Erkeklik gururum sevdamın önüne geçti. Tüm, yollarım ona kapalı kaldığı vakit soluksuz kalmış gibi, nefeslerim bile başkalaşmış idi. Herşeyim, dediğim kadın hiçbir şeyim olduğunda anladım.

Kör olsaydı gözlerim dedim, o adamın yanında görmez olsaydım. O öfkeli bakışlarını bir adama savurmasaydı bir bana açık olsaydı tüm duyguları dedim. Olmadı. Ne bana yar oldu, ne de derdime dermanım oldu. Bir başkasına yar oldu. O gözlerinin yosun yeşili bir başkasına bakar oldu. Acımak, desem adına kolay gelir söylemesi, insanın içi olur ya hani, mutlu iken bile bir eksiklik konar ya yüreğine he o hesap kaldı içimde.

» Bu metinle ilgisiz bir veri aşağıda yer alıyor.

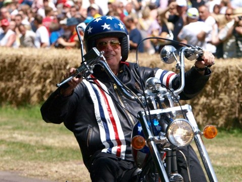 | En juillet 2009 à l'occasion du Festival automobile de Goodwood, en Angleterre, Peter Fonda était arrivé juché sur une réplique de la moto qu'il enfourchait 40 ans plus tôt dans "Easy Rider". |
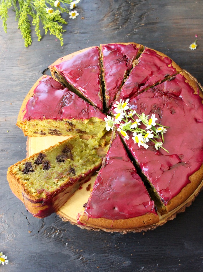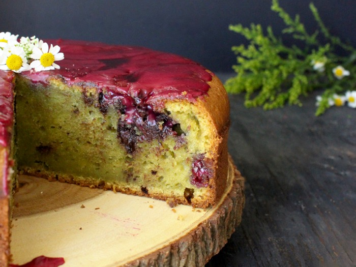 Avocado Cake with Blueberry Glaze

Anamın sesi tüm düşünceleri böldü.

"Oğlum, Şueada geldi" dedi yanıma gelmeye bile çekinir olmuştu koca Zerda hanım, öfkem yeri göğü yıkacak kadar derin kalmıştı.

Başımı salladım.

Sözümü çiğnediğim bu dakikalarda ayağa kalktım. Elimde avucumda bile Kudret yoktu. Dermanım kalmamıştı.
Aşağıya merdivenlerden indiğimde ilk babamın yüzüne rast geldi gözlerim. Yüzü her zaman olduğundan daha keyifliydi. Ne de olsa ağa kızıydı gelen soy sopa önem veren babam, mutsuzluğumun temelini atıyordu. Gözlerini bana çevirdiği zaman duraksamadan bir kahkaha patlattı.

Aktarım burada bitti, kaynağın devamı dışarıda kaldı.